Слепая любовь - Елена Лагутина 9 стр.


Но документы лежали в сейфе, а уж подкупить пару медсестер с их нищенскими зарплатами и вовсе не составило большого труда... Все роли были распределены, декорации расставлены - оказывается, за деньги легко можно купить даже смерть. Данка была без сознания, находясь под воздействием сильнейшего наркотического препарата, почти сутки - этого времени вполне хватило на то, чтобы доставить ее туда, откуда она начала свой путь в столицу. Все возвращалось на круги своя - а телефонный номер Галина предусмотрительно сменила в тот же день, заранее обрекая на провал все возможные попытки Данки связаться с Андреем по телефону... Хотя этих попыток и не последовало.

Как сложно отличить сон от действительности, когда глаза не могут видеть! Только звуки. Но как понять, что ты не грезишь, что все - наяву, тем более если еще совсем недавно...

Что же случилось? Данка была совершенно уверена, что спит, когда внезапно, словно издалека, услышала голос отца... Глаза открылись. Как обычно, проснувшись, она не сразу вспоминала, что светлее не станет - ночь и день, сон и явь теперь одинакового черного цвета, и так будет всегда, но звуки?..

Хотя самое страшное ждало ее впереди. Звуки еще можно было списать на то, что она еще не проснулась, голос отца звучал лишь в ее сознании, но вот запах... Откуда здесь, в московской больнице, этот терпкий, густой запах свежевымытого деревянного пола?

Она замерла, сжалась, не в силах произнести ни слова. Галина... Последнее, что она помнила, это укол в вену. Кажется, вчера у нее подскочило давление, и доктор ввел ей лекарство... Только почему с каждой секундой нарастает ощущение, что это было не вчера? Какая-то черная яма, зияющая брешь в памяти, пропасть, заглянуть в которую - значит упасть и разбиться, а не заглянуть - нельзя.

Она заглянула. Сначала рука коснулась шероховатой поверхности гобеленовой обивки дивана, пальцы судорожно сжали кусок простыни, перебрались на подушку, и она сразу же вспомнила эту подушку, этот грязно-розовый гобеленовый диван... В последней отчаянной попытке она протянула руку вправо - вот здесь должна находиться та самая тумбочка, ее первая знакомая вещь в палате, на которой обычно стояла ваза с цветами... Вот здесь... Пальцы сжимались и разжимались, хватая и чувствуя только пустоту. Волна ужаса подкатила к самому горлу, предательски застучало сердце, похолодели и покрылись влажным потом руки. Как маленький, беспомощный, потерявшийся ребенок, она закричала в пустоту - закричала то единственное слово, которое, наверное, любой, даже самый сильный человек вспоминает в минуту отчаяния и страха, позабыв обо всем на свете, не думая, ни на что больше и не надеясь, - мама...
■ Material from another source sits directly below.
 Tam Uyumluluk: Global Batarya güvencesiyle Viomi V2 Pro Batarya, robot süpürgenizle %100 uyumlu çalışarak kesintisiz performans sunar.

- Мама! Мама! Мамочка! - Вскочила, обхватила колени руками, и снова, уже тише, как сдавленный стон, и уже без надежды: - Мама!
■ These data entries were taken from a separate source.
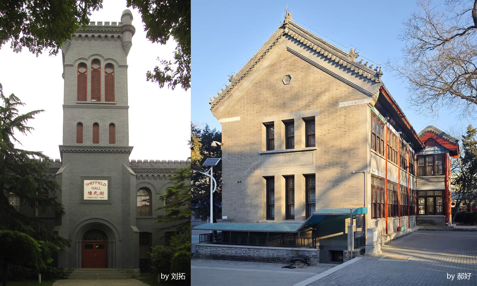 通州区的美国基督教教会学校遗存——潞河中学(左)和富育女校(右,今通州区二中):
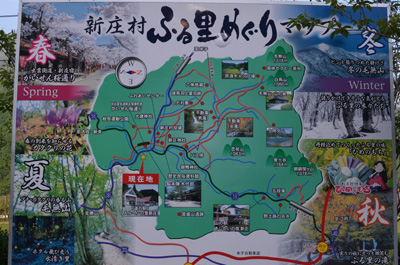 ここは新庄村というらしく、「ひめっ子雑煮」という雑煮が名物らしい。地図をよく見ると北が右向きという珍しい看板。
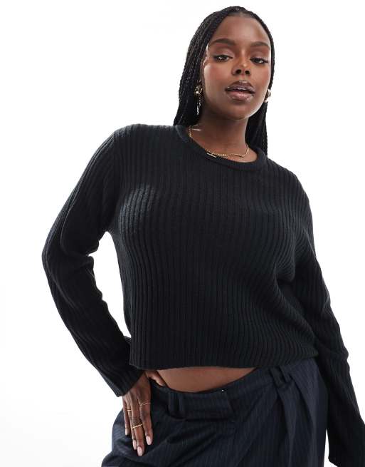 ASOS DESIGN Curve - Geribbelde trui met ronde hals in zwart

Неделю она пролежала, почти не поднимаясь с кровати, не разговаривая, почти без сна, практически не принимая пищи и лишь изредка глотая омерзительно теплую воду из чашки, которая всегда стояла на полу возле дивана. Иногда она чувствовала, безошибочно определяла его присутствие в комнате, гнала его, и он уходил, а через какое-то время снова бесшумно появлялся в дверном проеме и смотрел... Смотрел, не в силах сдвинуться с места - ни подойти ближе, ни уйти прочь... И даже когда редкий тревожный сон - не сон, а зыбкий полубред - сковывал ее сознание, она все равно просыпалась, чувствуя его присутствие, и снова прогоняла, он снова молча уходил и снова возвращался. Иногда он все-таки подходил ближе, поднимал с пола стакан.

- Покушай, дочка... Там котлетки, супчик куриный... Может, пирог будешь, соседка, тетя Вера, принесла сегодня утром, свежий, мягкий, твой любимый, с яблочным...

- Уйди. Слышишь, уйди от меня. Ненавижу тебя. Ничего не хочу.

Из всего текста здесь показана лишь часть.